(Excerpts from a dataset)
★ ★ ★ ★ ★
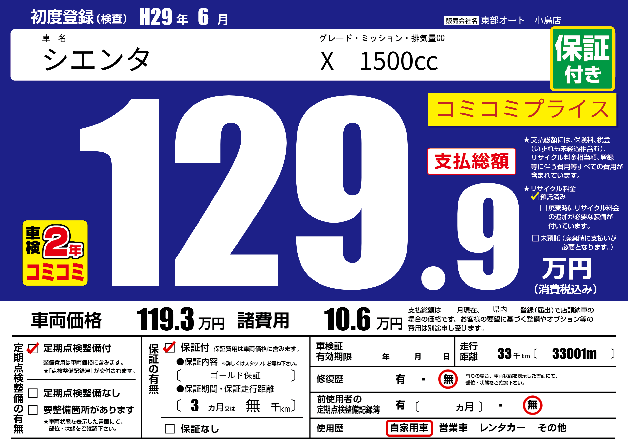 保証付き 保証内容( ゴールド保証) 3ヶ月または(無)千kmまで |
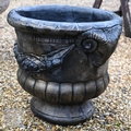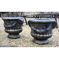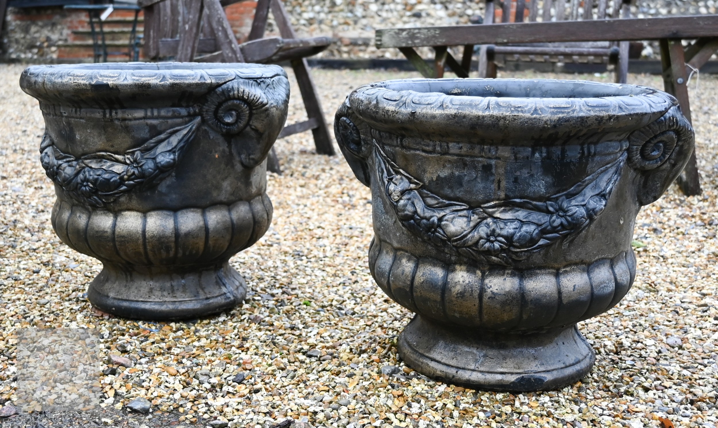 A pair of Georgian style cast composite faux lead finished planters with rams head decoration (2)
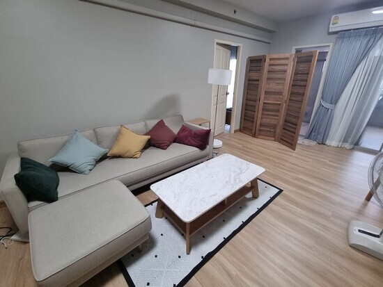 ห้องนี้พิเศษกว่าห้องอื่นๆ ในโครงการ เพราะมีการตกแต่งใหม่ในหลายจุด เช่น พื้นห้อง ห้องน้ำ และติดแอร์อินเวอร์เตอร์ ช่วยประหยัดไฟกว่าแอร์ที่โครงการแถมมา
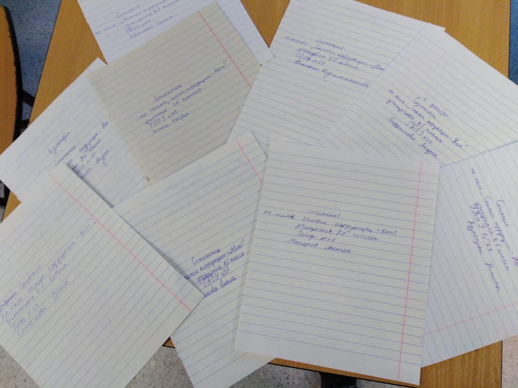 Опубликовано: 06.12.2019Среди обучающихся 8 - 9 классов прошел конкурс сочинений на разных языках «Скажи коррупции – НЕТ»
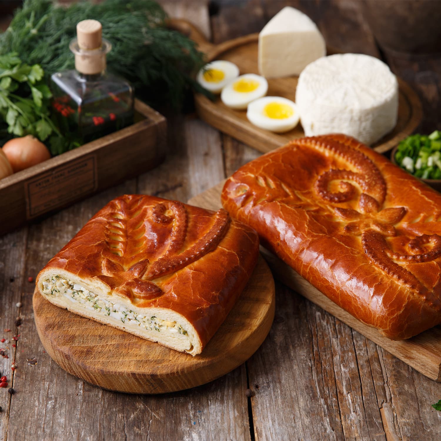 Пирог «Акуловский» с сыром, яйцом и зеленью
★ ★ ★ ★ ★
> **Try it**
Repeat the data word for word. Skip the pictures.

> **Solved problem**
 保証付き 保証内容( ゴールド保証) 3ヶ月または(無)千kmまで |
 A pair of Georgian style cast composite faux lead finished planters with rams head decoration (2)
 ห้องนี้พิเศษกว่าห้องอื่นๆ ในโครงการ เพราะมีการตกแต่งใหม่ในหลายจุด เช่น พื้นห้อง ห้องน้ำ และติดแอร์อินเวอร์เตอร์ ช่วยประหยัดไฟกว่าแอร์ที่โครงการแถมมา
 Опубликовано: 06.12.2019Среди обучающихся 8 - 9 классов прошел конкурс сочинений на разных языках «Скажи коррупции – НЕТ»
 Пирог «Акуловский» с сыром, яйцом и зеленью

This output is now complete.